Collected data entries:
=======

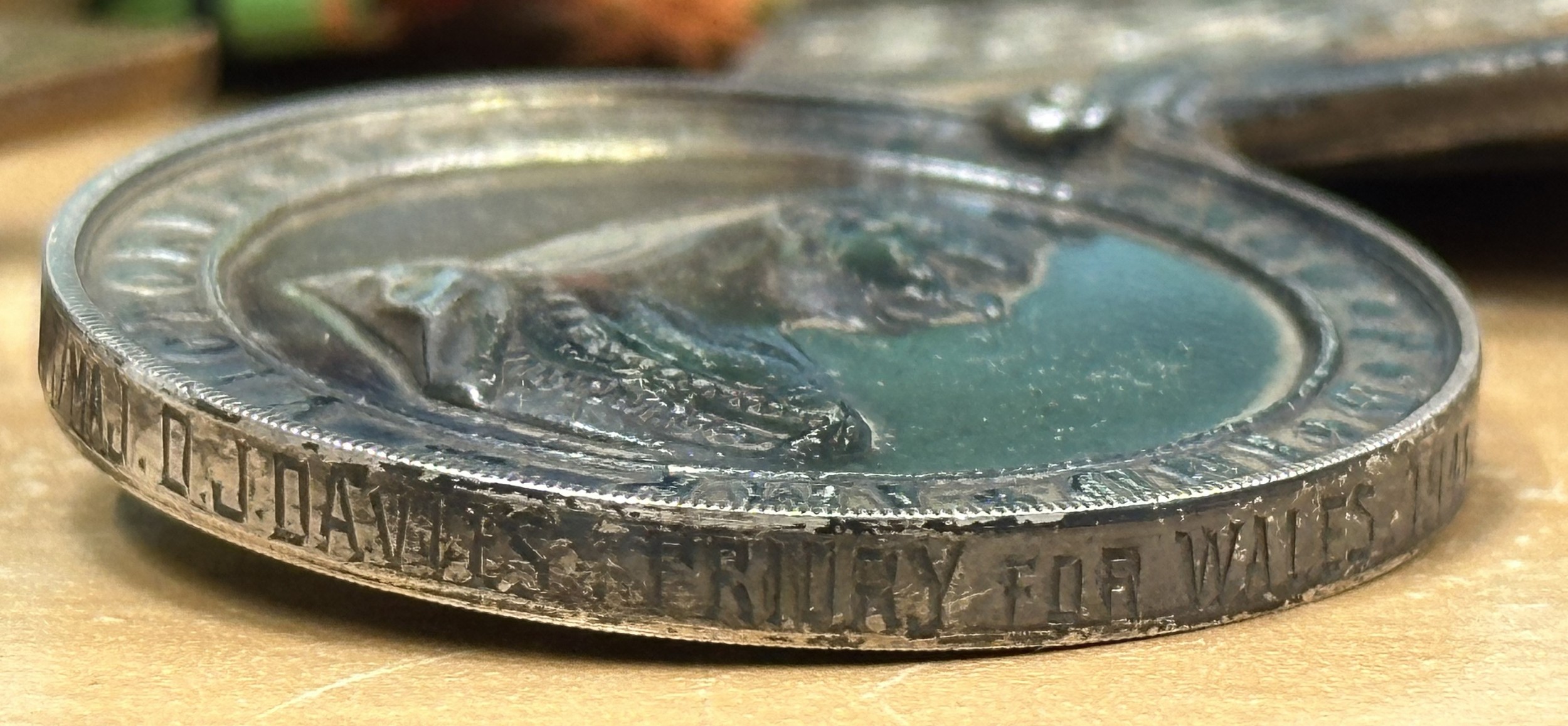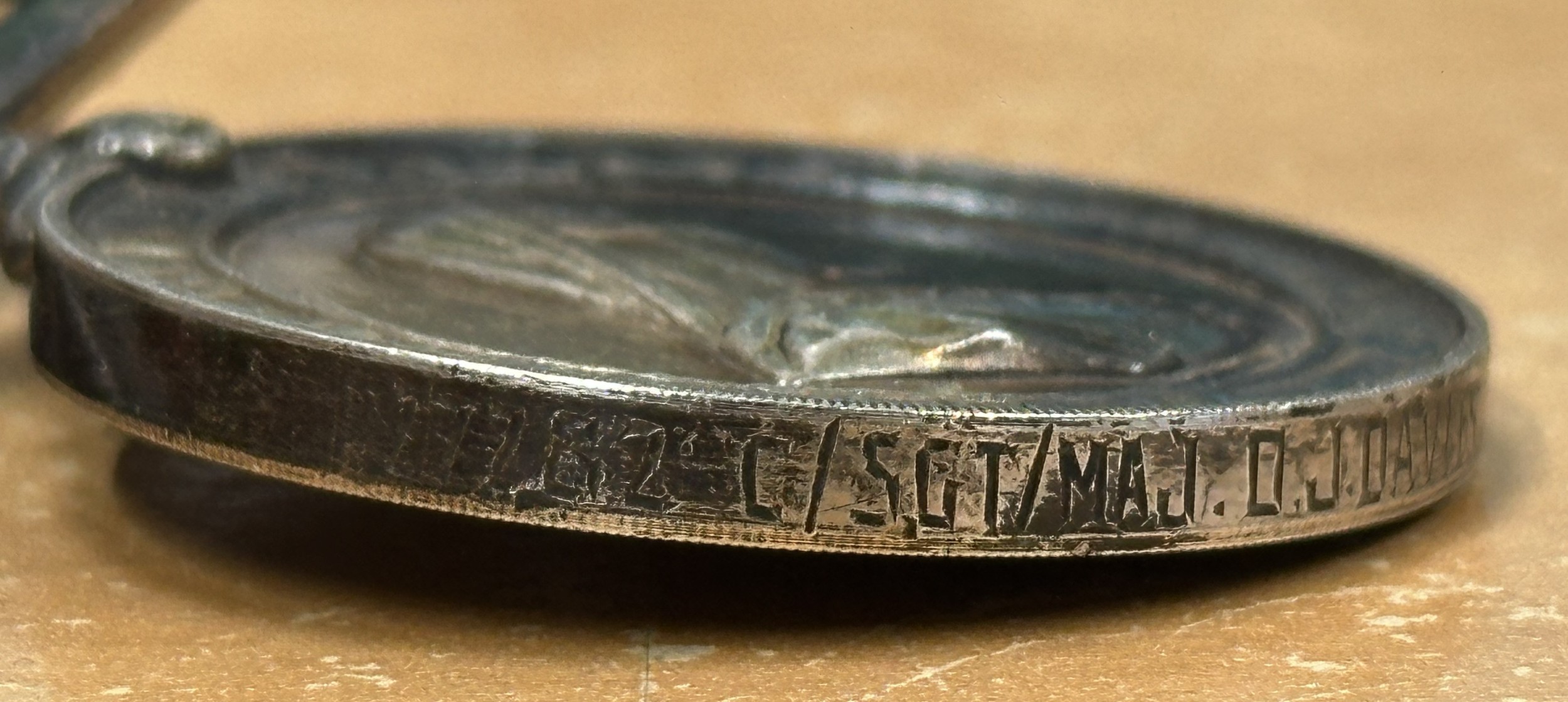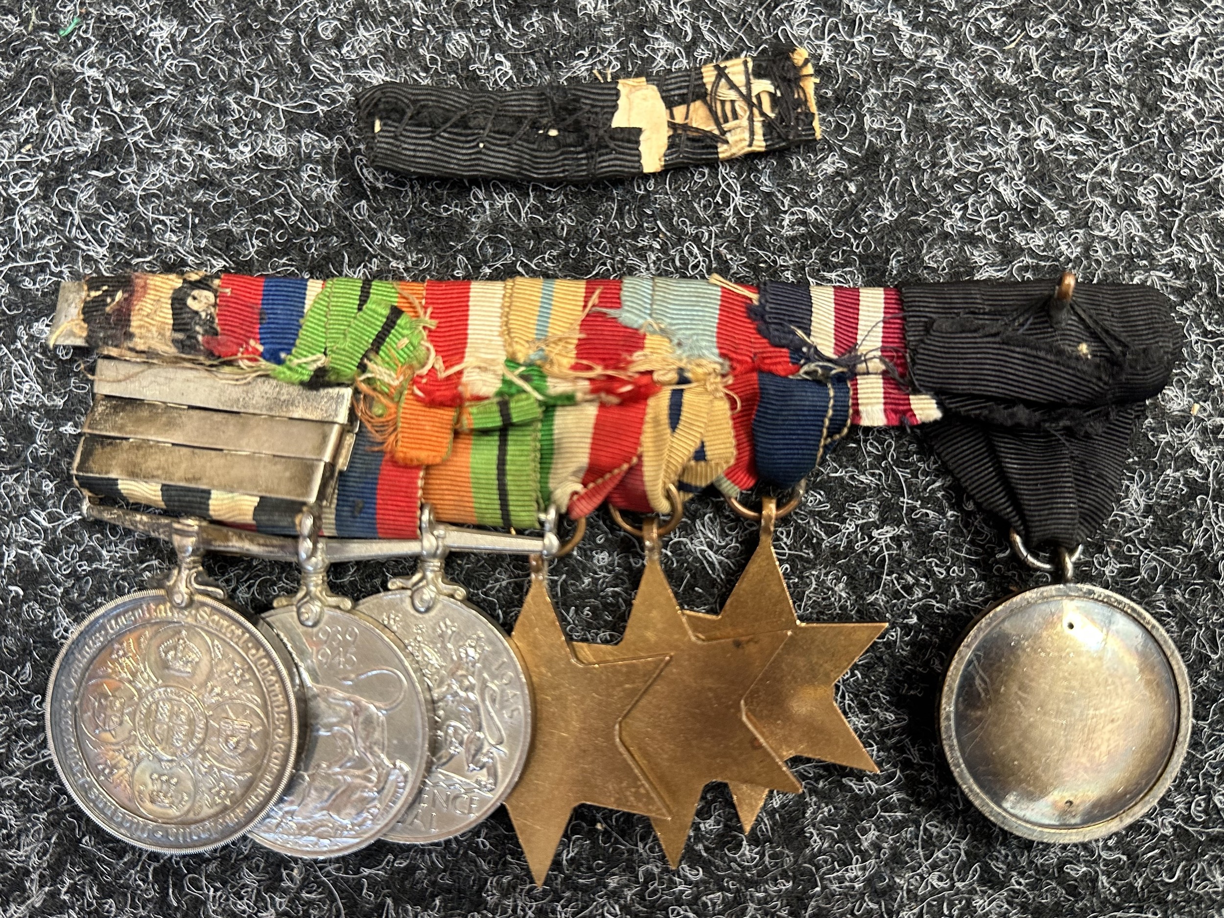 Uncleaned medals, ribbons dusty and faded.
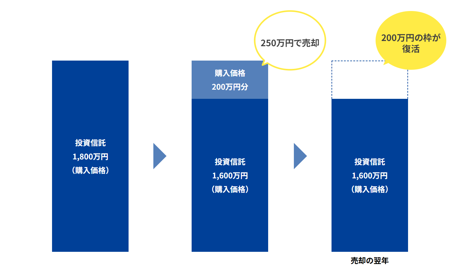 たとえば、簿価200万円の投信が値上がりし、250万円で売却できたとします。その場合には、翌年に200万円の非課税保有限度額が復活します。簿価がいくらなのかは、利用金融機関の保有財産表示ページで確認できますし、金融機関に問い合わせてもいいでしょう。
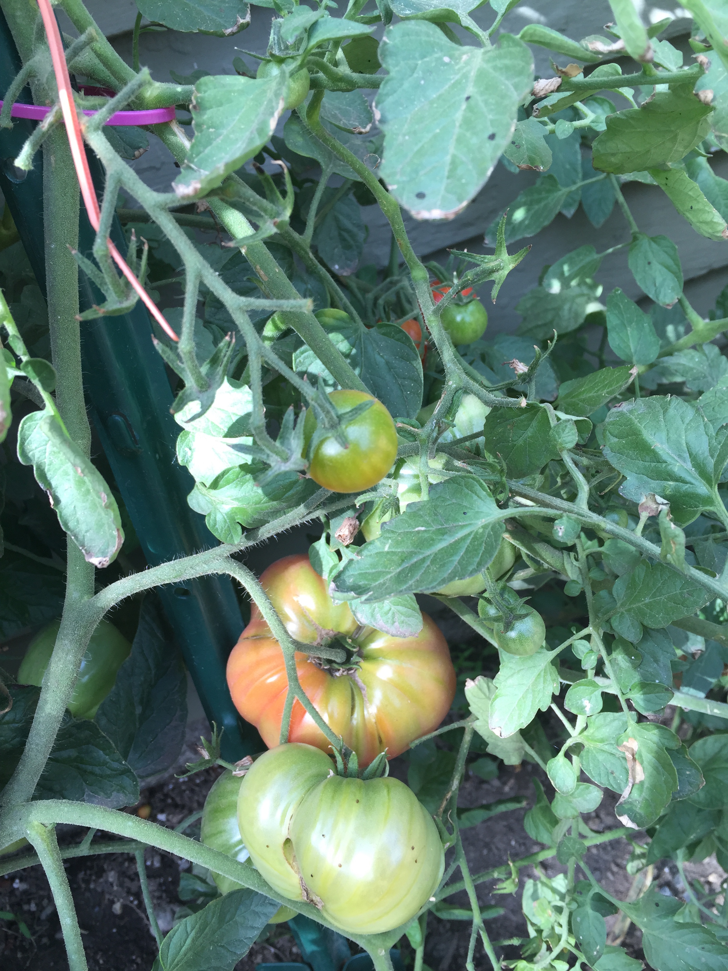 I’m not complaining about the cucumbers, but my hubby might be getting sick of this salad. Because I have tomatoes coming out my ears too. Here’s an Amish variety, and a cherry variety. Both heirloom. Both rouge wild.
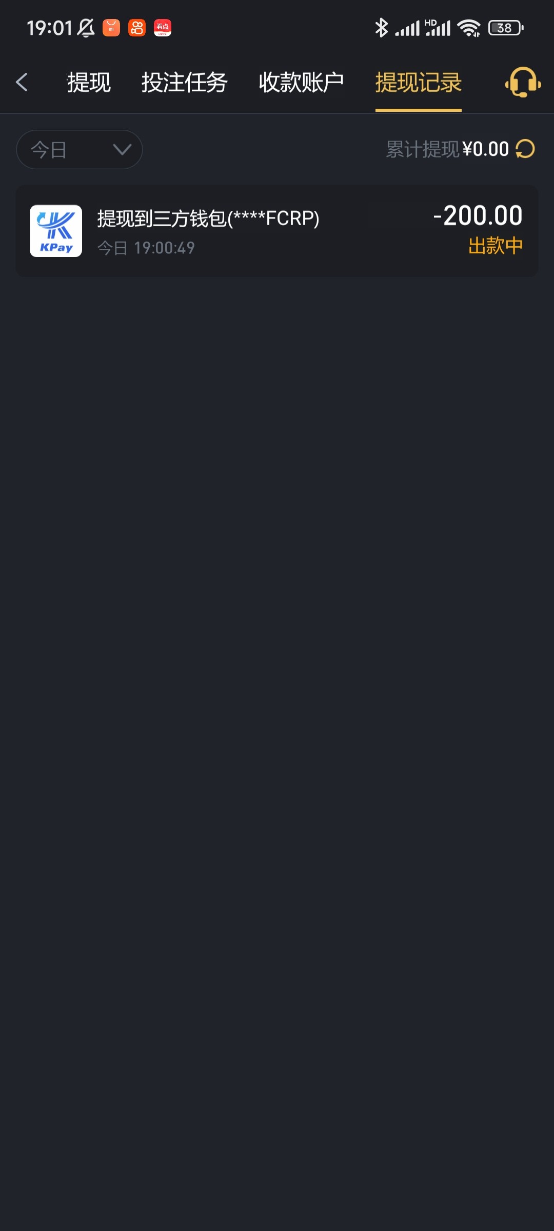 提188到账,没充值
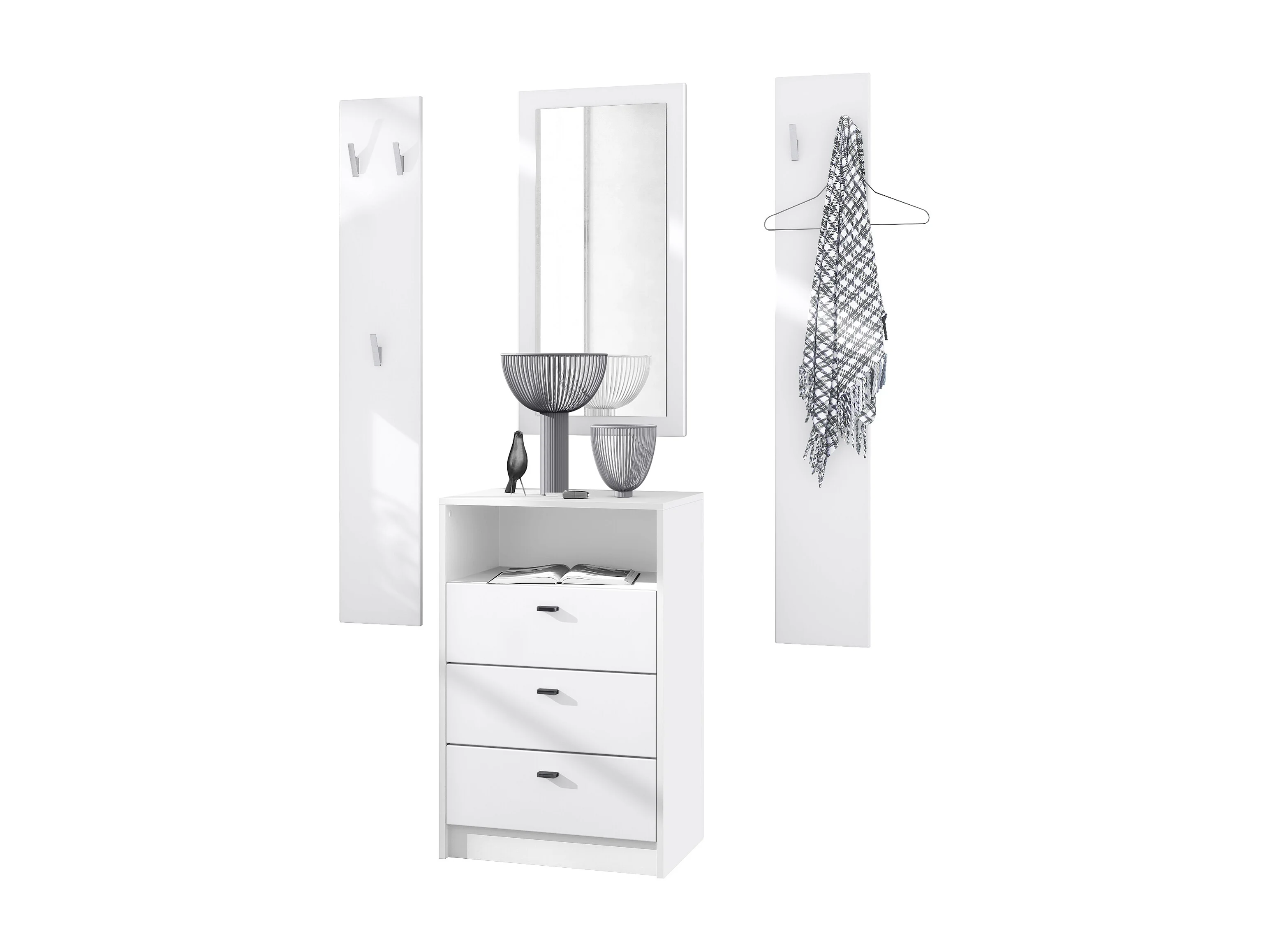 Ensemble de vestiaires Pino V2, 2 Panneaux muraux 140 cm et buffet avec 2 tiroirs & 1 compartiment ouvert, blanc mat/blanc mat (56 x 67,5 x 36 cm)

=======

The problem: Find the line containing "I’m not complaining" in the records above and restate it, and each line after it through the end, word for word, dropping the pictures.

Answer box:
 I’m not complaining about the cucumbers, but my hubby might be getting sick of this salad. Because I have tomatoes coming out my ears too. Here’s an Amish variety, and a cherry variety. Both heirloom. Both rouge wild.
 提188到账,没充值
 Ensemble de vestiaires Pino V2, 2 Panneaux muraux 140 cm et buffet avec 2 tiroirs & 1 compartiment ouvert, blanc mat/blanc mat (56 x 67,5 x 36 cm)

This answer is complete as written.